Pour Mathilde, elle venait de sentir vivement qu'elle n'était rien pour ce jeune homme; ce rire était fait pour cacher son embarras, elle y réussit.
—Évidemment, vous songez à quelque chose de bien intéressant, Monsieur Sorel. N'est-ce point quelque anecdote curieuse sur la conspiration qui nous a envoyé à Paris M. le comte Altamira? Dites-moi ce dont il s'agit, je brûle de le savoir; je serai discrète, je vous le jure.
Elle fut étonnée de ce mot en se l'entendant prononcer. Quoi donc, elle suppliait un subalterne! Son embarras augmentant, elle ajouta d'un petit air léger:
—Qu'est-ce qui a pu faire de vous, ordinairement si froid, un être inspiré, une espèce de prophète de Michel-Ange?
Cette vive et indiscrète interrogation, blessant Julien profondément, lui rendit toute sa folie.
—Danton a-t-il bien fait de voler? lui dit-il brusquement et d'un air qui devenait de plus en plus farouche. Les révolutionnaires du Piémont, de l'Espagne, devaient-ils compromettre le peuple par des crimes? donner à des gens même sans mérite toutes les places de l'armée, toutes les croix? les gens qui auraient porté ces croix n'eussent-ils pas redouté le retour du roi? fallait-il mettre le trésor de Turin au pillage? En un mot, mademoiselle, dit-il en s'approchant d'elle d'un air terrible, l'homme qui veut chasser l'ignorance et le crime de la terre, doit-il passer comme la tempête et faire le mal comme au hasard?

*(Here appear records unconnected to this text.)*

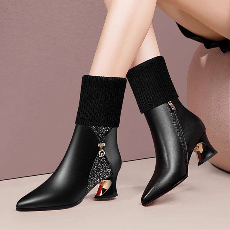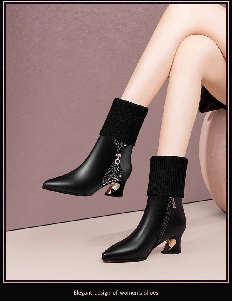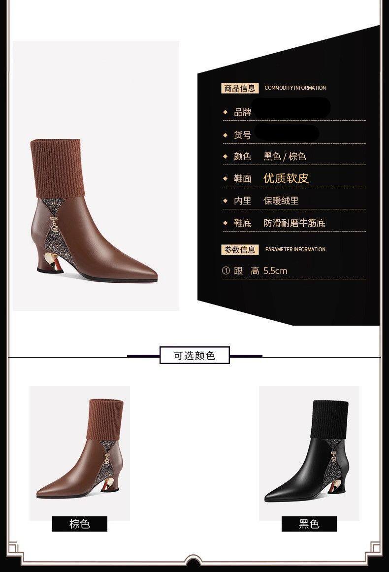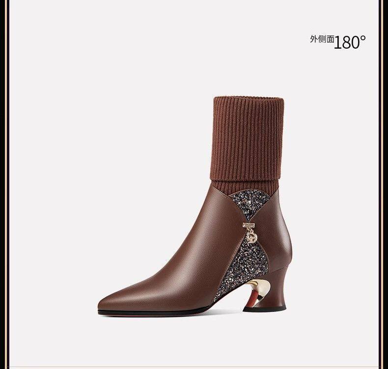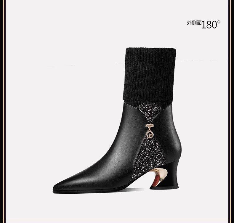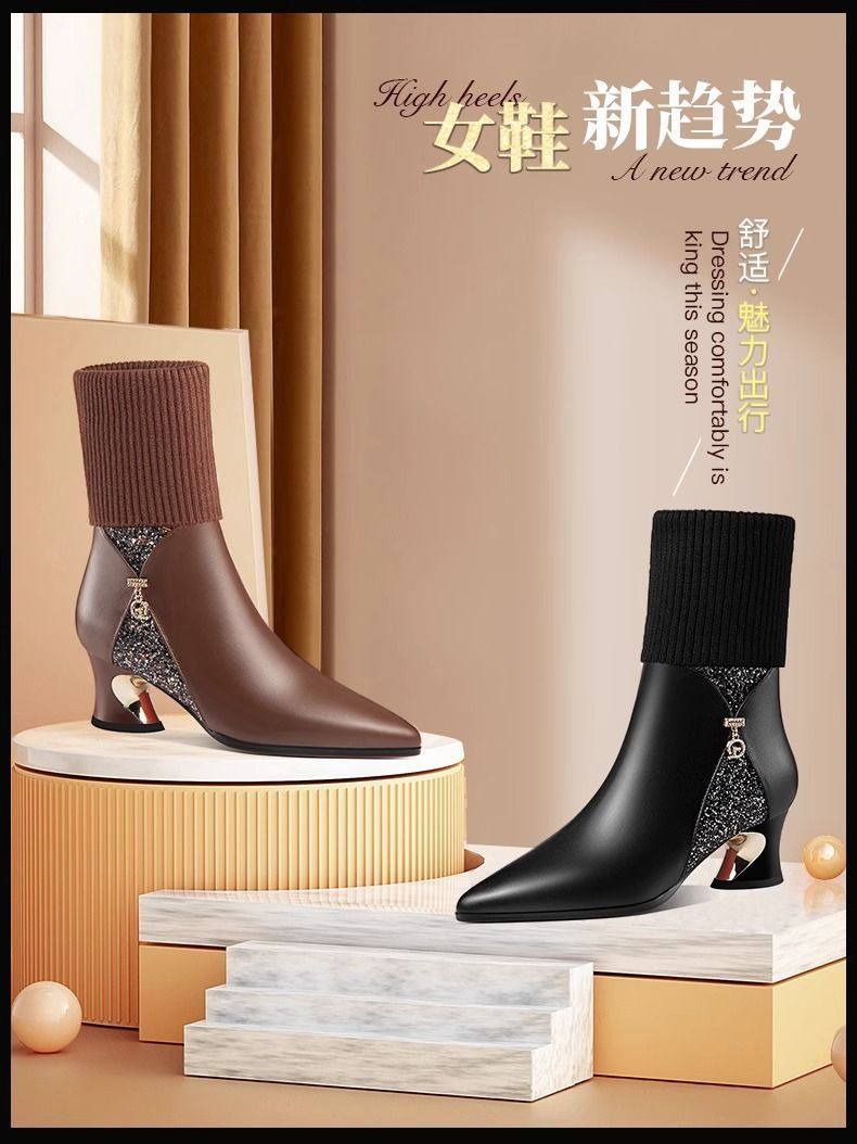 品牌特價2025秋冬新款真皮毛線靴子女中跟中筒靴粗跟棕色針織女靴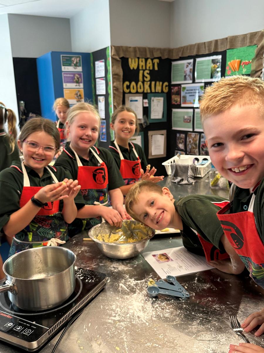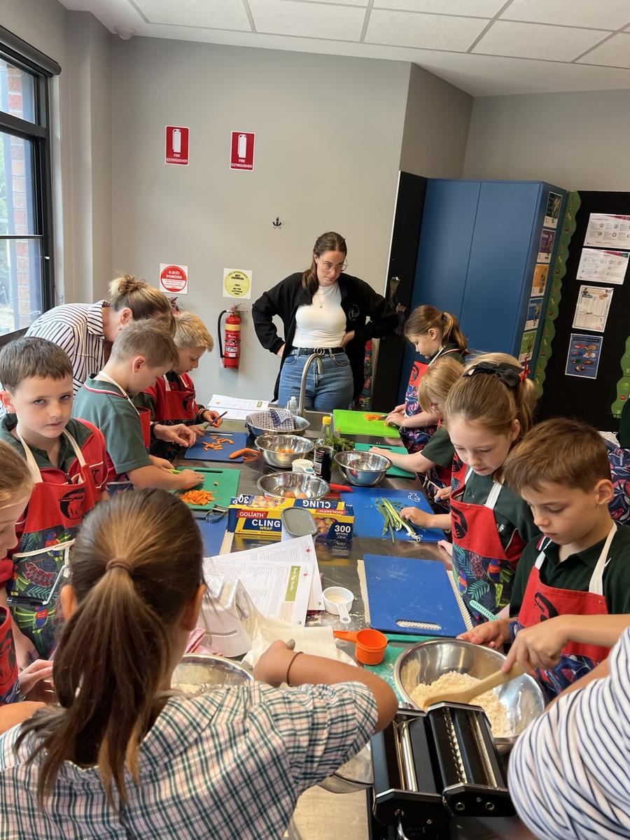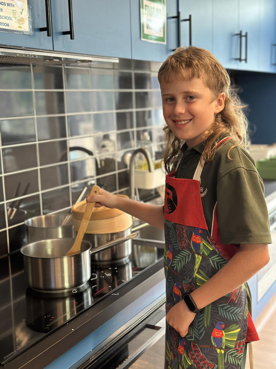 Our Kitchen Garden program has returned with our Year 3 and 4 children participating in gardening or cooking lessons last week. It has been wonderful to see the children so thoroughly engaged as they’re working with the parent and grand parent volunteers to prepare the garden beds or cook a delicious two course meal. It’s been great to witness how confident the Year 4s are after their experiences in the kitchen last year and how excited the Year 3s have been to cook and share a meal together.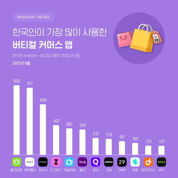 지난 8월 한국인이 가장 많이 사용한 버티컬 커머스 앱 순위에서 올리브영은 MAU 950만 명으로 1위를 차지했다. 그 뒤를 이어 에이블리 917만 명, 무신사 689만 명, 지그재그 407만 명, 오늘의집 362만 명, 컬리 349만 명, 퀸잇 231만 명, KREAM(크림) 219만 명, 29CM 187만 명, 화해 163만 명, 아이디어스 129만 명, 4910 127만 명 순으로 나타났다.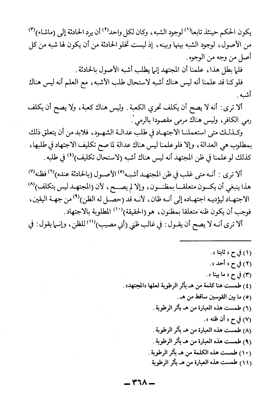 وَكَذَلِكَ مَتَى اسْتَعْمَلْنَا الِاجْتِهَادَ فِي طَلَبِ عَدَالَةِ الشُّهُودِ، فَلَا بُدَّ مِنْ أَنْ يَتَعَلَّقَ ذَلِكَ بِمَطْلُوبٍ هِيَ الْعَدَالَةُ، وَإِلَّا فَلَوْ عَلِمْنَا لَيْسَ هُنَاكَ عَدَالَةٌ لَمَا صَحَّ تَكْلِيفُ الِاجْتِهَادِ فِي طَلَبِهَا، كَذَلِكَ لَوْ عَلِمْنَا فِي ظَنِّ الْمُجْتَهِدِ أَنَّهُ لَيْسَ هُنَاكَ أَشْبَهُ (لَاسْتَحَالَ تَكْلِيفٌ) فِي طَلَبِهِ.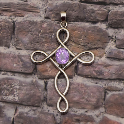 Multi Stone Infinity Loop Cross Pendant -Sterling Silver

Mathilde eut peur, ne put soutenir son regard, et recula deux pas. Elle le regarda un instant; puis, honteuse de sa peur, d'un pas léger elle sortit de la bibliothèque.
CHAPITRE X
LA REINE MARGUERITE
Amour! dans quelle folie ne parviens-tu pas à nous faire trouver du plaisir?
Lettre d'une RELIGIEUSE PORTUGAISE.
Julien relut ses lettres. Quand la cloche du dîner se fit entendre: Combien je dois avoir été ridicule aux yeux de cette poupée parisienne! se dit-il; quelle folie de lui dire réellement ce à quoi je pensais! mais peut-être folie pas si grande. La vérité dans cette occasion était digne de moi.